| ACTION ITEM |
Reproduce all the entries exactly and keep the pictures out.

| GIVEN DATA |
^^^^

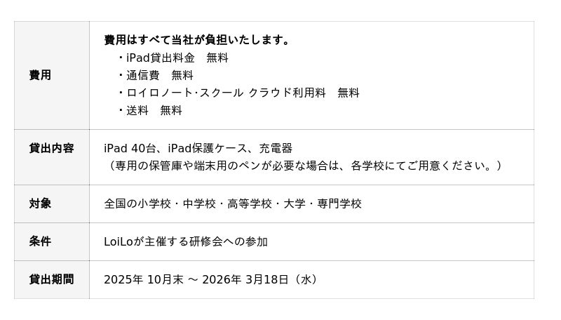 私たちLoiLoは、今年も40台のiPadとロイロノート・スクールを無料で貸出します。貸出料金、通信費、クラウド利用料、送料 すべて無料です。端末にはロイロノートがインストールされており、届いたその日からご利用いただけます。1人1台環境での学びづくりを全力で応援いたします。
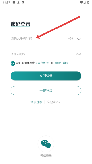 4、在勾選完按鈕后,點擊輸入框依次輸入手機號碼與密碼后完成登錄。
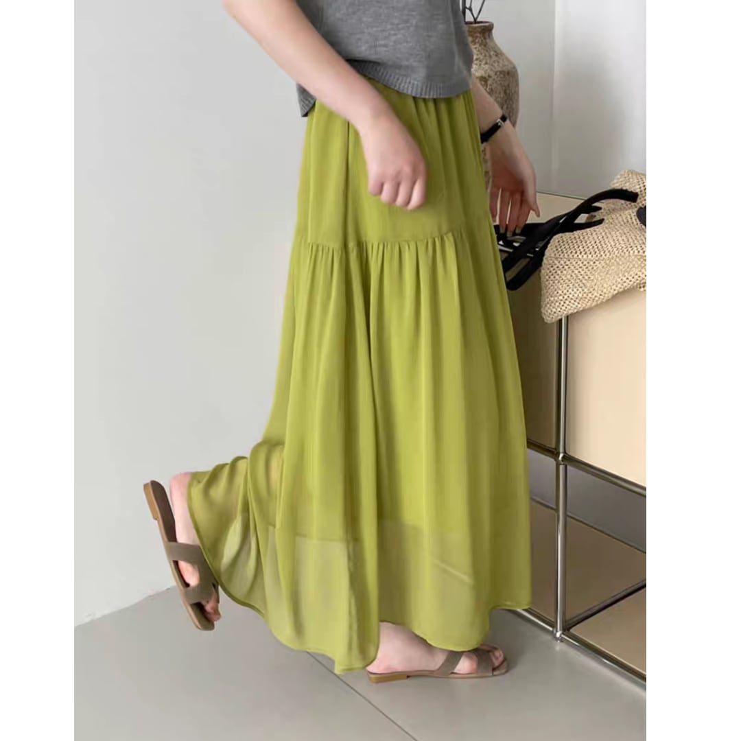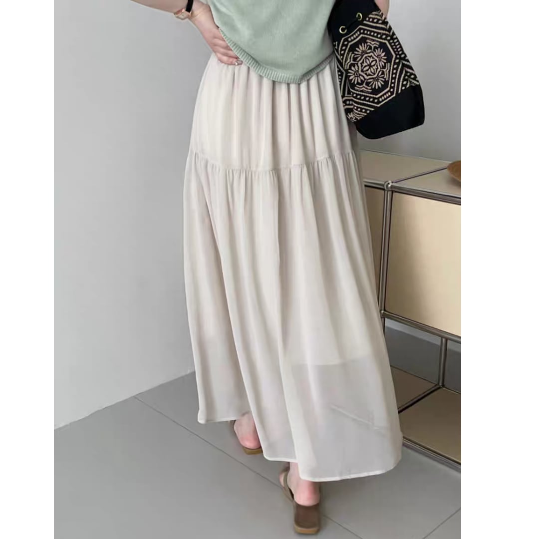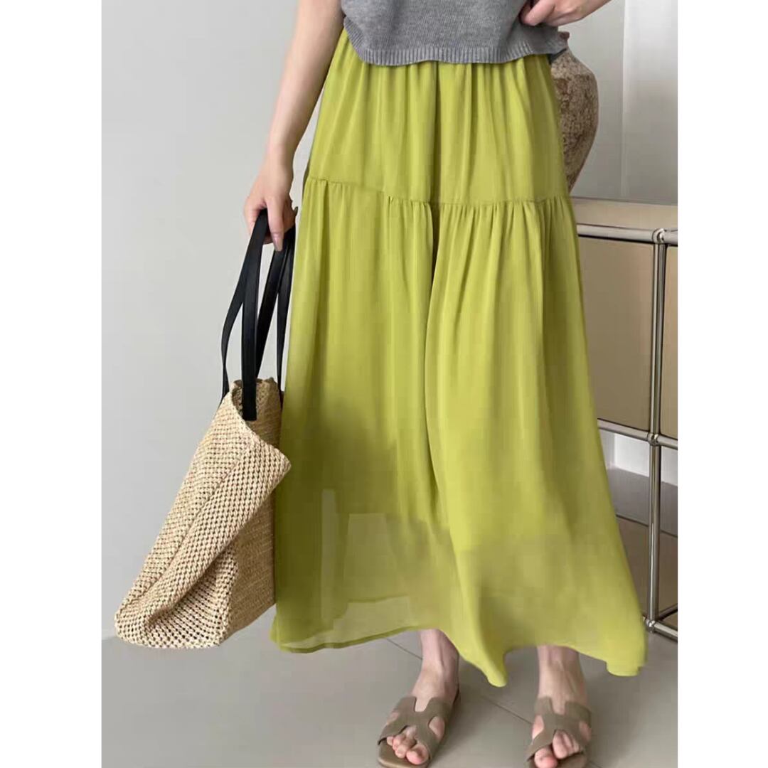 ふんわりと軽やかに揺れる、エアリーなフレアシルエットが魅力のロングスカート。
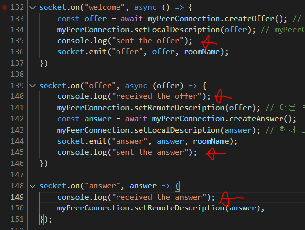 이전 포스팅에서 이미 방에 접속한 브라우저가 새로 접속한 브라우저에 offer를 날리는 부분까지 구현했었죠?
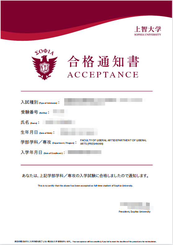 录取院校:上智大学
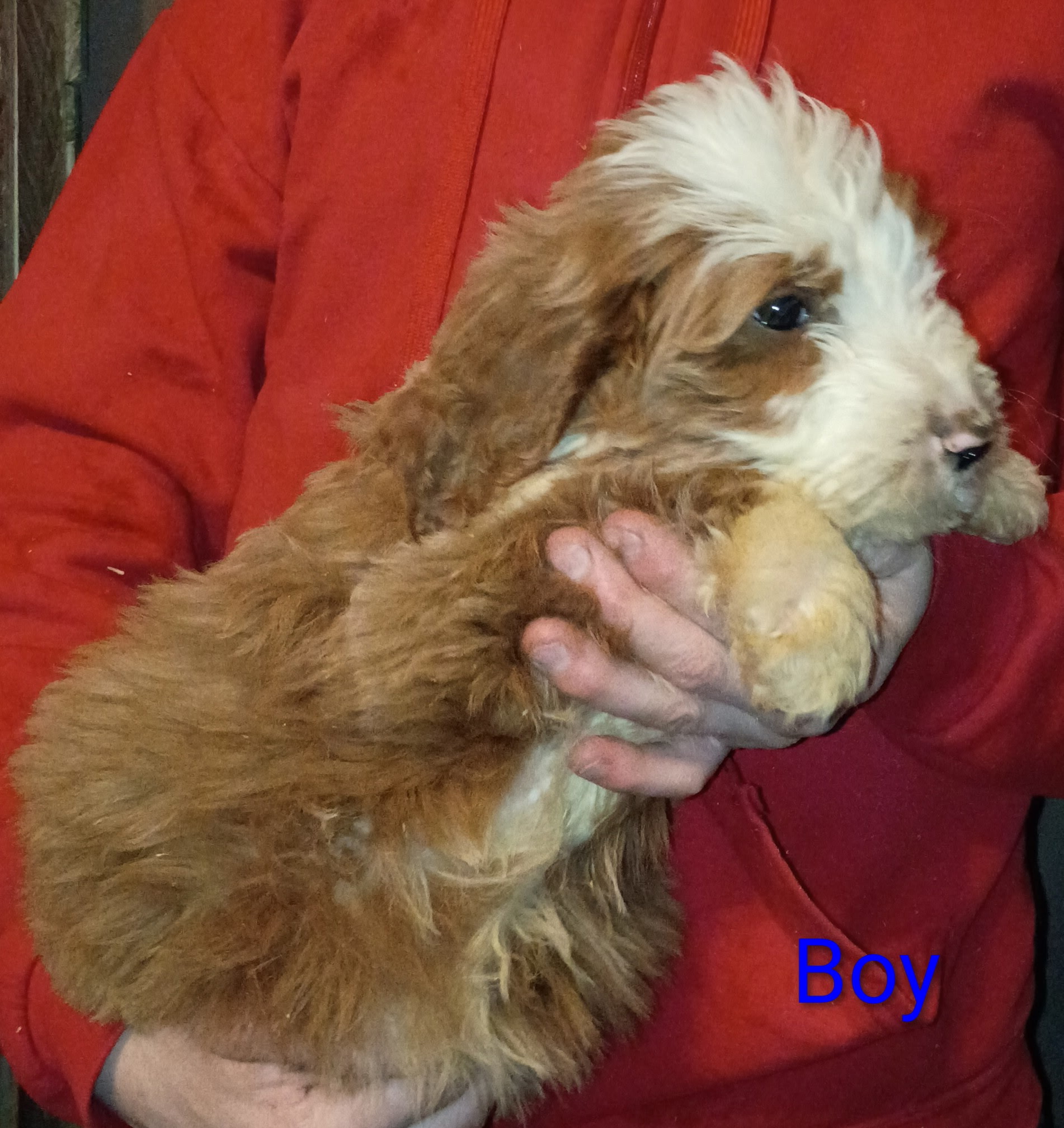 We have some sweet Bernese golden doodle mix puppies actually called golden mountain doodles. Born the 15th of November. 2 males left. Really loving and affectionate. They have been pretty good about potty training. Very few if any accidents. They love children and are amazingly intelligent. I copied some information directly from Google about this type of designer breed dogs. (Golden Mountain Doodles, a mix of Golden Retriever, Bernese Mountain Dog, and Poodle, are highly sought after for their gentle, affectionate, and loyal temperament, often acting as calm, smart family companions. They are generally low-shedding, highly trainable, and adaptable, making them great for, active families and therapy work.
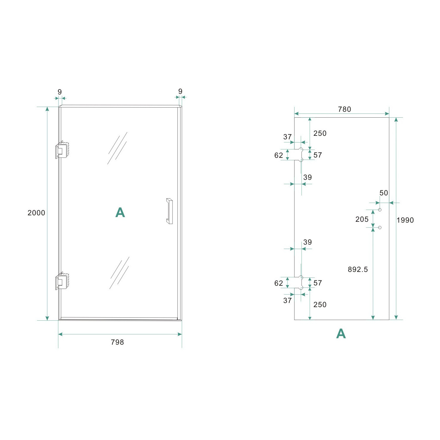 Stel uw eigen nisdeur samen met de glasplaten van Wiesbaden Less! Deze glasplaat heeft een formaat van 80 cm breed en 200 cm hoog en heeft een dikte van 8 mm. Het heldere glas is voorzien van een NANO Antikalk Coating.
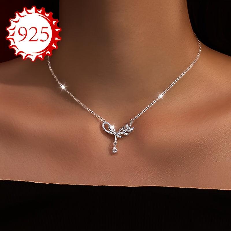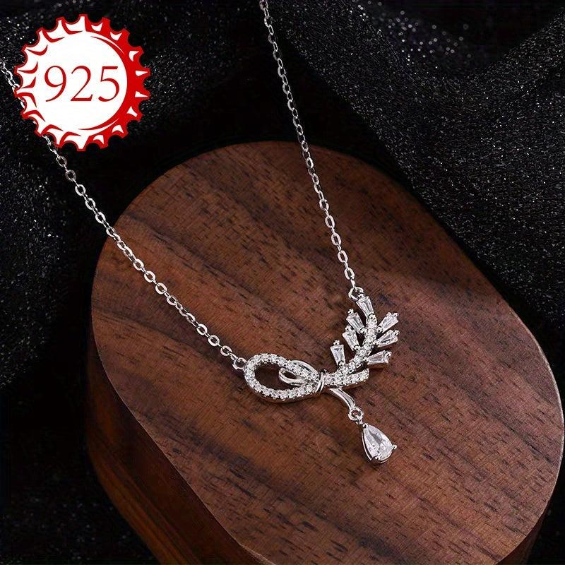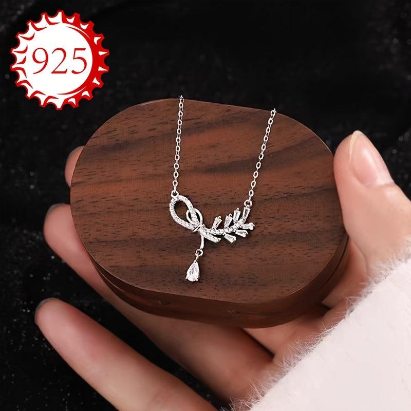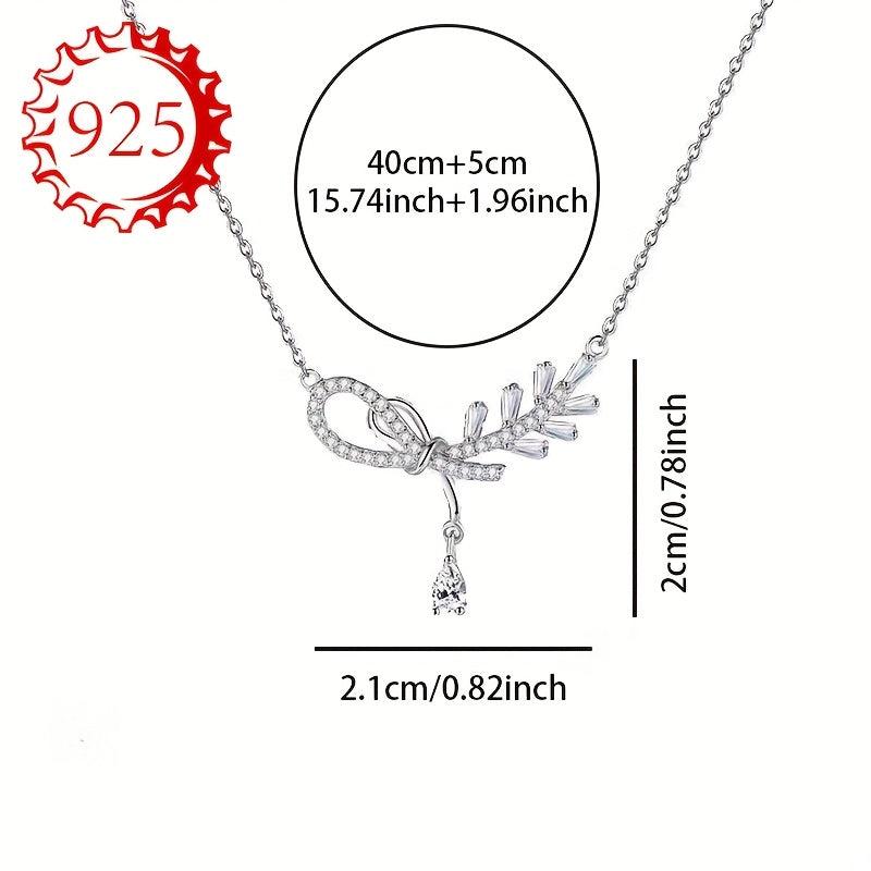 Elegant 925 silver necklace with a unique bowknot wheat pendant. This high-end collarbone chain is versatile and suitable for all seasons.
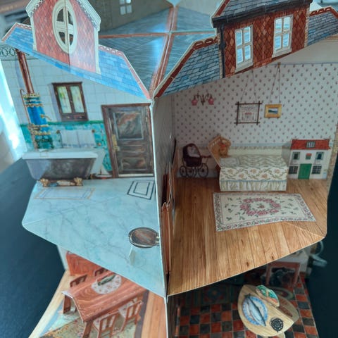 Tredimensjonale pop-up bøker som åpnes opp til dukkehus.
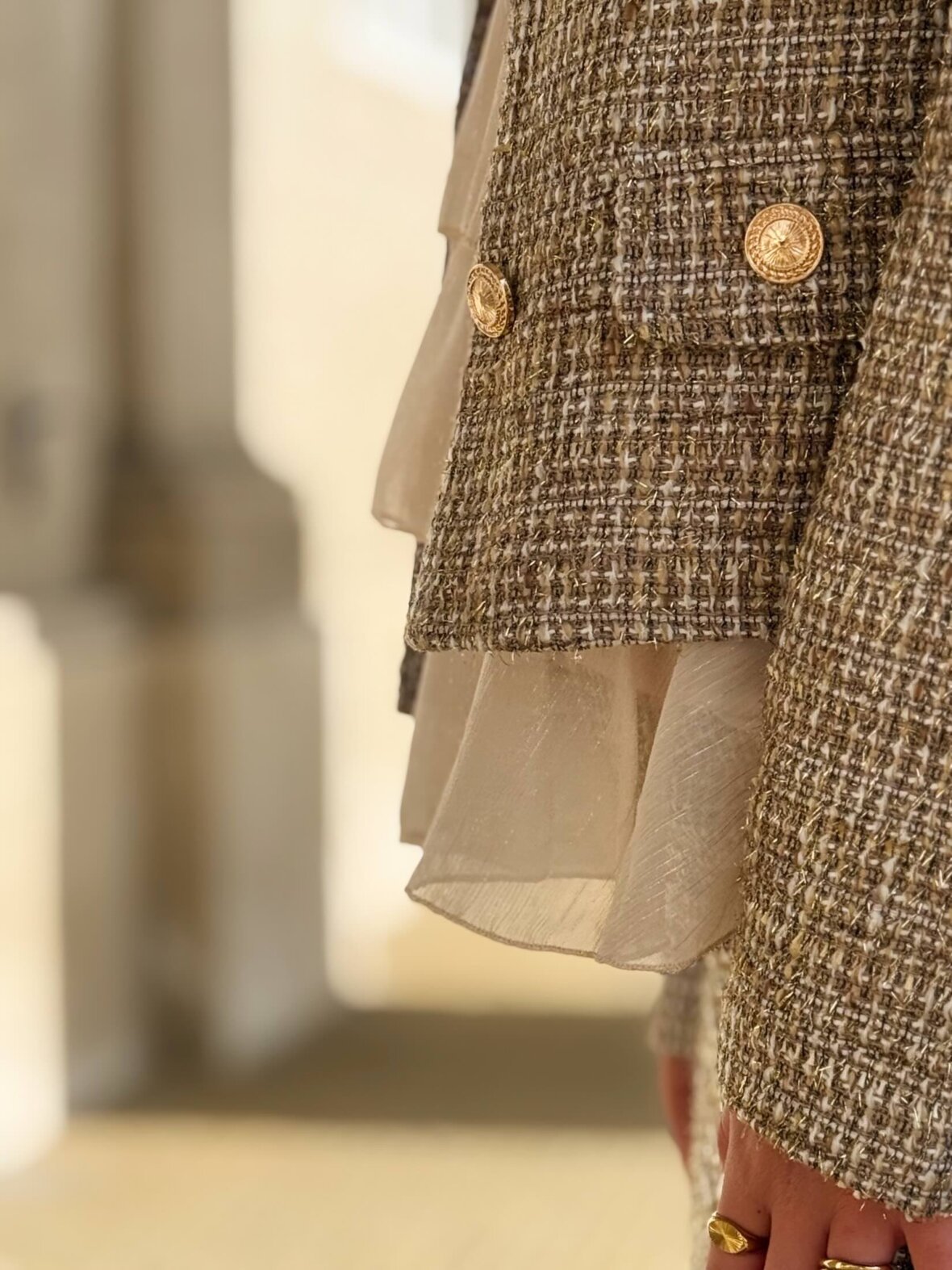 Elegant og klassisk tweedjakke i smuk gylden nuance med eksklusiv struktur. Designet med dekorative guldknapper, rund halsudskæring og korte længde, der giver et sofistikeret og feminint udtryk.

^^^^

| TASK OUTPUT |
 私たちLoiLoは、今年も40台のiPadとロイロノート・スクールを無料で貸出します。貸出料金、通信費、クラウド利用料、送料 すべて無料です。端末にはロイロノートがインストールされており、届いたその日からご利用いただけます。1人1台環境での学びづくりを全力で応援いたします。
 4、在勾選完按鈕后,點擊輸入框依次輸入手機號碼與密碼后完成登錄。
 ふんわりと軽やかに揺れる、エアリーなフレアシルエットが魅力のロングスカート。
 이전 포스팅에서 이미 방에 접속한 브라우저가 새로 접속한 브라우저에 offer를 날리는 부분까지 구현했었죠?
 录取院校:上智大学
 We have some sweet Bernese golden doodle mix puppies actually called golden mountain doodles. Born the 15th of November. 2 males left. Really loving and affectionate. They have been pretty good about potty training. Very few if any accidents. They love children and are amazingly intelligent. I copied some information directly from Google about this type of designer breed dogs. (Golden Mountain Doodles, a mix of Golden Retriever, Bernese Mountain Dog, and Poodle, are highly sought after for their gentle, affectionate, and loyal temperament, often acting as calm, smart family companions. They are generally low-shedding, highly trainable, and adaptable, making them great for, active families and therapy work.
 Stel uw eigen nisdeur samen met de glasplaten van Wiesbaden Less! Deze glasplaat heeft een formaat van 80 cm breed en 200 cm hoog en heeft een dikte van 8 mm. Het heldere glas is voorzien van een NANO Antikalk Coating.
 Elegant 925 silver necklace with a unique bowknot wheat pendant. This high-end collarbone chain is versatile and suitable for all seasons.
 Tredimensjonale pop-up bøker som åpnes opp til dukkehus.
 Elegant og klassisk tweedjakke i smuk gylden nuance med eksklusiv struktur. Designet med dekorative guldknapper, rund halsudskæring og korte længde, der giver et sofistikeret og feminint udtryk.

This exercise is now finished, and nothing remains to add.